BEGIN INFORMATION PROVIDED
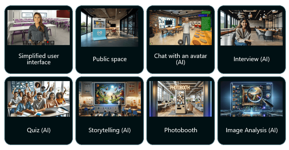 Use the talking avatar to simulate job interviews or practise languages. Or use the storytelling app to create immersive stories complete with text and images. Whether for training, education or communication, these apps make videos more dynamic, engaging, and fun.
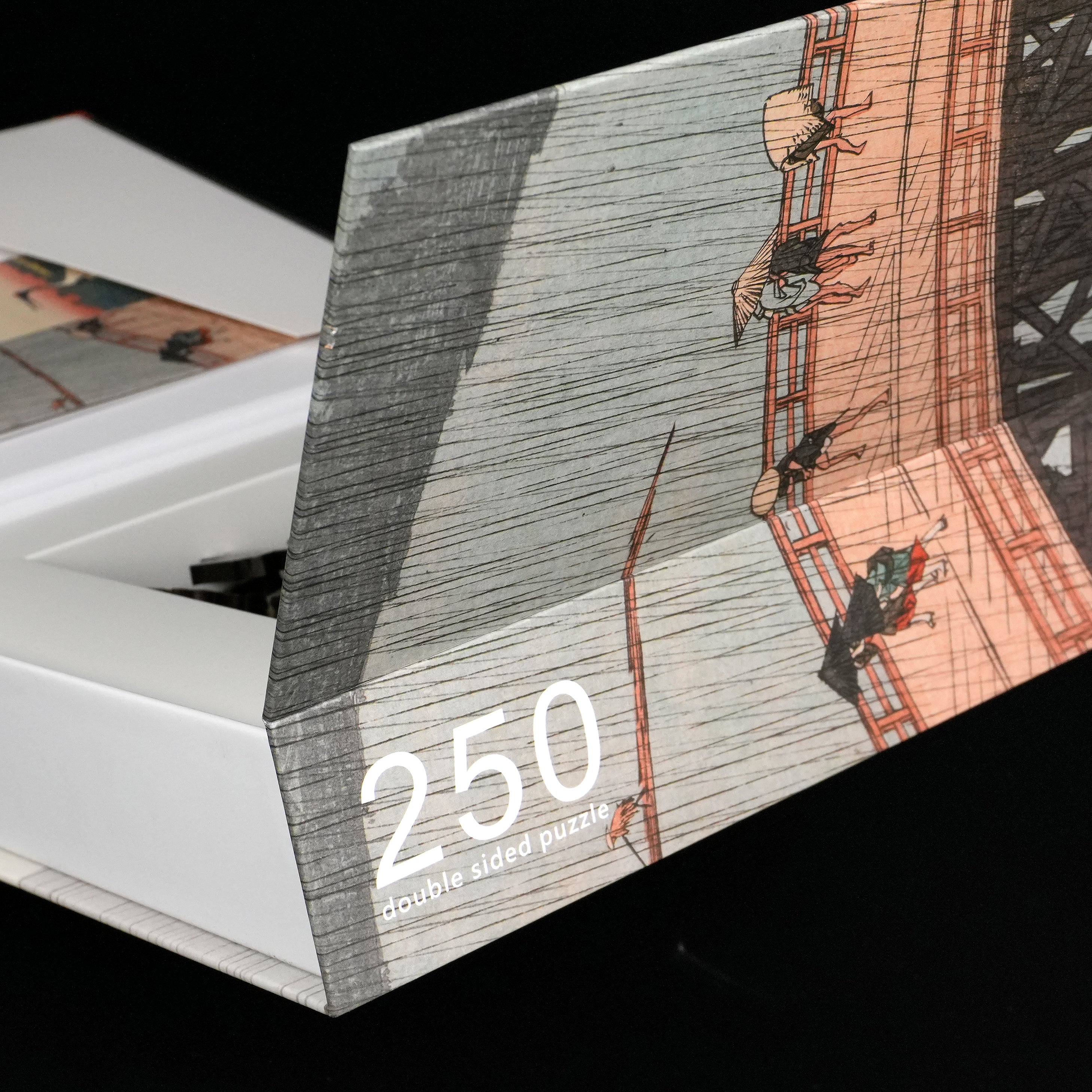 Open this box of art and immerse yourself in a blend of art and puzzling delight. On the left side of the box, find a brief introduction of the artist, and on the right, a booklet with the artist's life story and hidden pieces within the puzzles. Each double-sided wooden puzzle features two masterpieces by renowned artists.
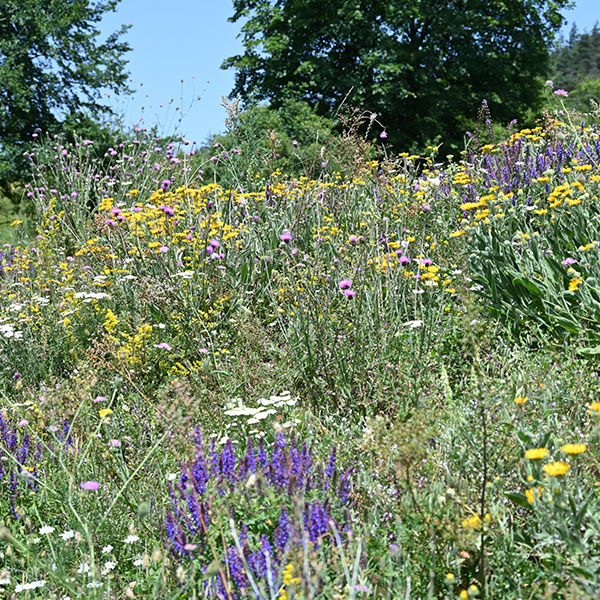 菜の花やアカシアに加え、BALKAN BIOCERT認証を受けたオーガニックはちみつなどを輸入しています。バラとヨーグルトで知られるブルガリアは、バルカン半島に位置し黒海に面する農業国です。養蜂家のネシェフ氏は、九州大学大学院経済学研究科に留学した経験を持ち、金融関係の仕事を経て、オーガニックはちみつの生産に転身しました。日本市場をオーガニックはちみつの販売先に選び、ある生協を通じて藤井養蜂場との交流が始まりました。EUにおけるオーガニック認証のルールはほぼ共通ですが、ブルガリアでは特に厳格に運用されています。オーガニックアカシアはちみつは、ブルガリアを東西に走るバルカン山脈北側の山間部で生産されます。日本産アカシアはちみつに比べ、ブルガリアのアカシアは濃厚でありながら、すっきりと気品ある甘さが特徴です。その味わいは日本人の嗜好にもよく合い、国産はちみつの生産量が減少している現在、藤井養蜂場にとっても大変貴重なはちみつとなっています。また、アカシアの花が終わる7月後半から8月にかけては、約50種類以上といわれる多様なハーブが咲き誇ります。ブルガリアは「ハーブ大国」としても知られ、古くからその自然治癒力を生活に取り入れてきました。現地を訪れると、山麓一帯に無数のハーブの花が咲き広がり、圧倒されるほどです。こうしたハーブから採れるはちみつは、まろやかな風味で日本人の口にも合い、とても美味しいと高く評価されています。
END INFORMATION PROVIDED
▶ [TASK]
Reproduce the lines above, exactly and exclusively, from the line containing "Open this box" down to the last line, both included; pictures are not part of the copy.

▶ [SOLUTION FOR THIS TASK]
 Open this box of art and immerse yourself in a blend of art and puzzling delight. On the left side of the box, find a brief introduction of the artist, and on the right, a booklet with the artist's life story and hidden pieces within the puzzles. Each double-sided wooden puzzle features two masterpieces by renowned artists.
 菜の花やアカシアに加え、BALKAN BIOCERT認証を受けたオーガニックはちみつなどを輸入しています。バラとヨーグルトで知られるブルガリアは、バルカン半島に位置し黒海に面する農業国です。養蜂家のネシェフ氏は、九州大学大学院経済学研究科に留学した経験を持ち、金融関係の仕事を経て、オーガニックはちみつの生産に転身しました。日本市場をオーガニックはちみつの販売先に選び、ある生協を通じて藤井養蜂場との交流が始まりました。EUにおけるオーガニック認証のルールはほぼ共通ですが、ブルガリアでは特に厳格に運用されています。オーガニックアカシアはちみつは、ブルガリアを東西に走るバルカン山脈北側の山間部で生産されます。日本産アカシアはちみつに比べ、ブルガリアのアカシアは濃厚でありながら、すっきりと気品ある甘さが特徴です。その味わいは日本人の嗜好にもよく合い、国産はちみつの生産量が減少している現在、藤井養蜂場にとっても大変貴重なはちみつとなっています。また、アカシアの花が終わる7月後半から8月にかけては、約50種類以上といわれる多様なハーブが咲き誇ります。ブルガリアは「ハーブ大国」としても知られ、古くからその自然治癒力を生活に取り入れてきました。現地を訪れると、山麓一帯に無数のハーブの花が咲き広がり、圧倒されるほどです。こうしたハーブから採れるはちみつは、まろやかな風味で日本人の口にも合い、とても美味しいと高く評価されています。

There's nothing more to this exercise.